Generate the secret once and set it in both the adapter's .env and OpenClaw's models.providers["kaiban-adapter"].apiKey.

Best Practices

  1. Security: Do not expose the adapter to the public internet. Run it on localhost or a private network. Use a strong random value for KAIBAN_OPENRESPONSES_SECRET.
  2. Timeouts: Set agents.defaults.timeoutSeconds to at least 300–600 in OpenClaw so multi-agent runs are not cut off.
  3. Swapping teams: Keep the team definition in a single module (e.g. src/team/index.ts). Change the exported team factory to deploy a different workflow without touching the adapter logic.
  4. Error handling: Rely on the adapter's BLOCKED (422) and ERRORED (500) behavior and on extracting messages from workflow logs so debugging and user feedback are clear.

Troubleshooting

IssueLikely causeAction
401Token mismatchEnsure apiKey in OpenClaw matches KAIBAN_OPENRESPONSES_SECRET in the adapter.
Request timeoutPipeline runs too longIncrease agents.defaults.timeoutSeconds in OpenClaw.
"Unrecognized keys" in OpenClawInvalid agent configRemove provider, endpoint, or auth from agents.list; use only model: "kaiban-adapter/kaiban".
No reply on channelOpenClaw not using new modelRestart the OpenClaw daemon after editing openclaw.json.

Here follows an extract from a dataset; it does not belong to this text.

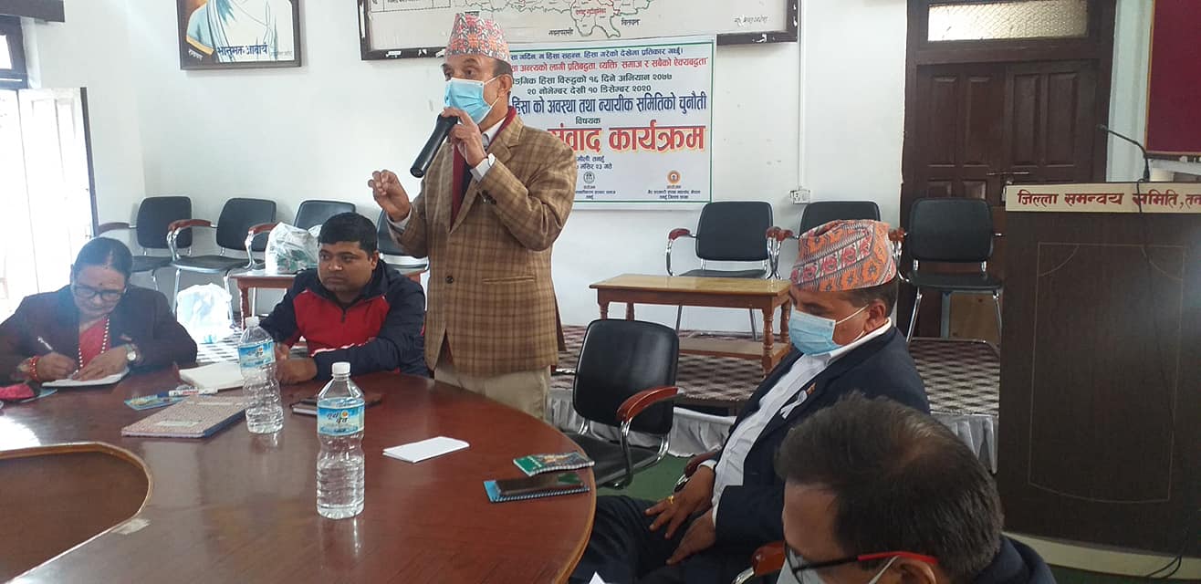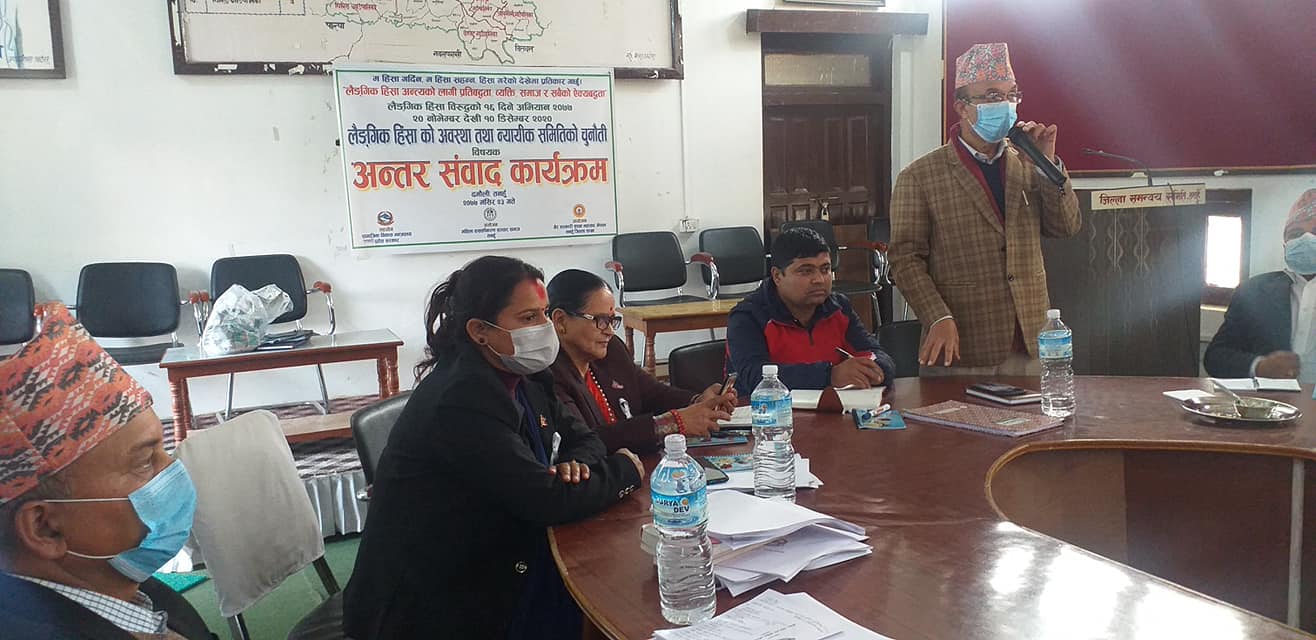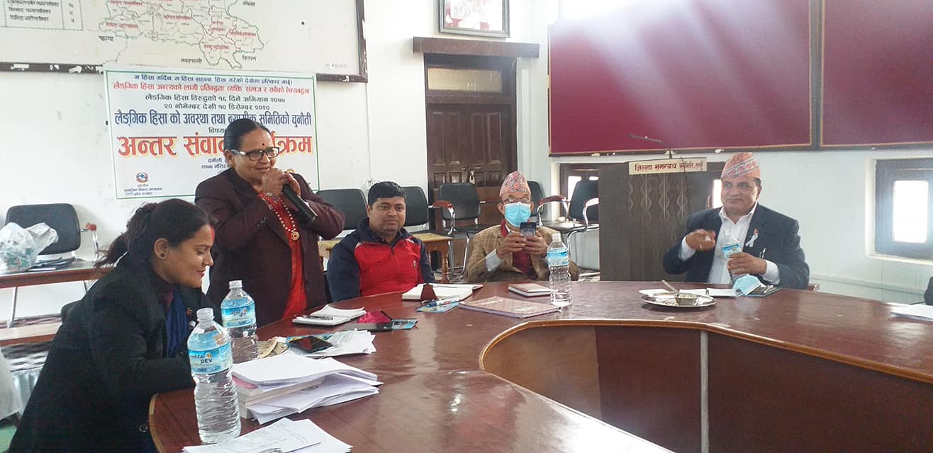 प्रमुख जिल्ला अधिकारी सागर आचार्यले लैङ्गिक हिंसाको अन्त्य गर्न स्थानीय तहको सबैभन्दा ठुलो भुमिका हुने बताए । अहिले कतिपय विषयमा स्थानीय प्रशासनको अधिकार स्थानीय तहमा पुगेको हुँदा स्थानीय तहले जनतालाई सहज हुने तरिकाले कानुन निर्माण गरि हिंसा लगायतका सबै कुरितीहरुको अन्त्य गर्न भुमिका खेल्नु पर्ने प्रजिअ आचार्यले बताए ।

Test the adapter with curl against POST /v1/responses before debugging channel behavior.

Conclusion

The OpenClaw integration lets you expose any KaibanJS team as an OpenResponses-compatible backend. A single Express server implements POST /v1/responses with optional SSE streaming, request normalization, and Bearer token auth. You register the adapter as a custom OpenClaw provider and point an agent at kaiban-adapter/kaiban. Your multi-agent pipeline then powers conversations on WhatsApp, Telegram, Discord, and other OpenClaw-supported channels without per-platform code.

For a ready-to-run implementation, use the OpenClaw OpenResponses playground and the example page on the KaibanJS site.